» **SOURCE INFORMATION**:
<<<<

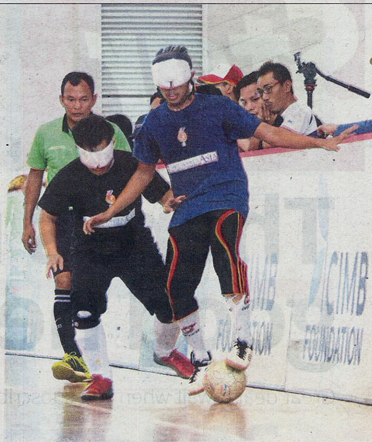
A Team Johor player (left) trying to tackle his opponent from Team GTC while the fans cheer them on.
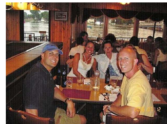
Enjoying the Rotary Boat Trip
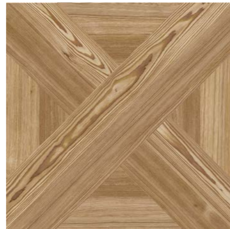
0424010 DECOR MIELE 1/2/3/4 60x60
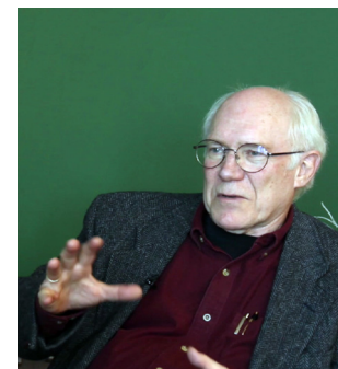
Robert Bringhurst

Poet, translator, typographer, cultural historian, and linguist, Robert Bringhurst's books on Haida mythology and storytelling have placed him among the leading public intellectuals in North America. He has published over a dozen books of poetry and the acclaimed prose works The Tree of Meaning: Language, Mind and Ecology and Everywhere Being Is Dancing: Twenty Pieces of Thinking . He lives on Quadra Island, B.C.
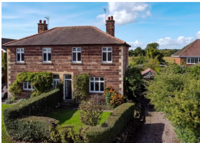
33 Horsebrook Lane, Brewwood, Stafford
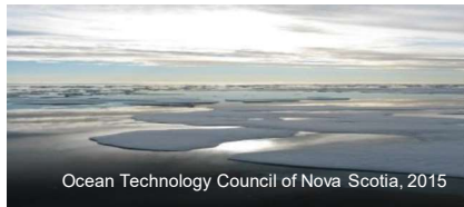
Ocean Technology Council of Nova Scotia, 2015

In the oceans technology sector, specialists in human resources help companies succeed by managing people within the organization. Specialists in human resources represent both management and employees fairly, equally, and respectfully. They deal with diverse issues such as hiring, wage structures, performance management and collective agreement negotiation, and controversial decisions such as downsizing.
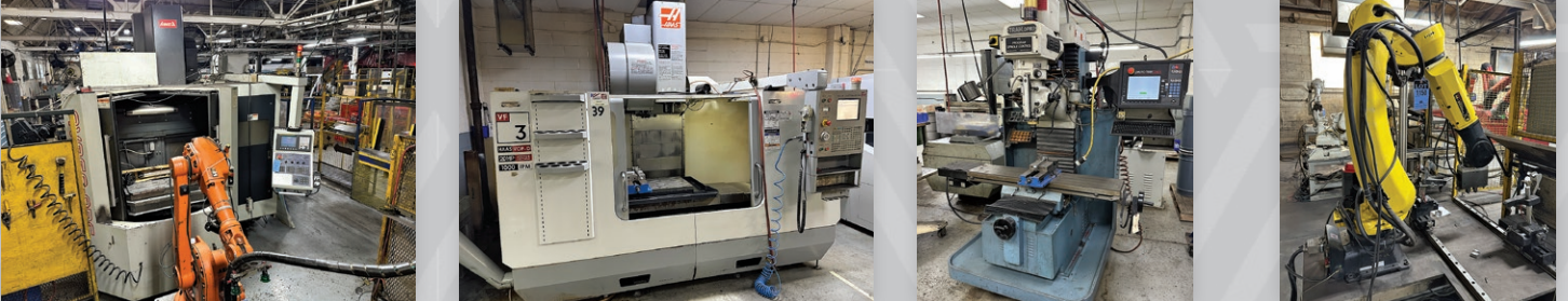
CNC Machinery: VMCs, HMCs, Mills
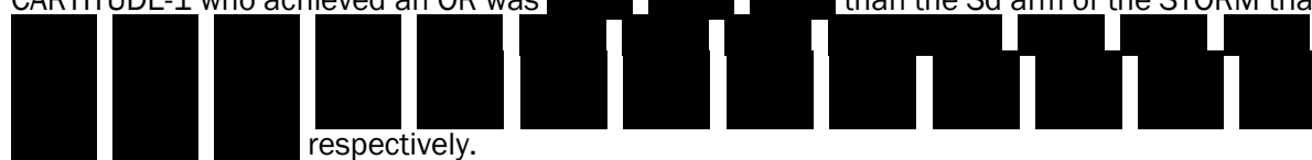
Table 9 Comparison of ORR, CRR and ≥CR rates in CARTITUDE-1 vs CE-MRDR and STORM

Cilta-cel compared favourably with available 5L+ RRMM treatments based on naïve treatment comparisons with STORM and CE-MRDR. The proportion of patients in the ITT 5L+ population of CARTITUDE-1 who achieved an OR was ██████████, ██████████, ██████████ than the Sd arm of the STORM trial
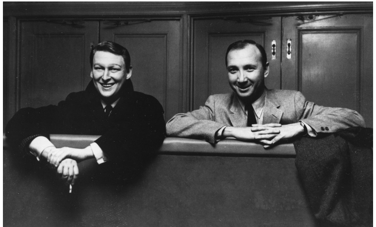
Mike Nichols and Neil Simon

Ellis and Hammerstein gave Simon six months for more rewrites—and they'd pay him the $300. Grateful to have feedback from a live audience, Simon set to work yet again.

>>>>

» **WHAT YOU SHOULD DO**: The word "from" may appear on some lines of these records; state how many such lines there are, and nothing else.

» **RESPONSE BOX**: 2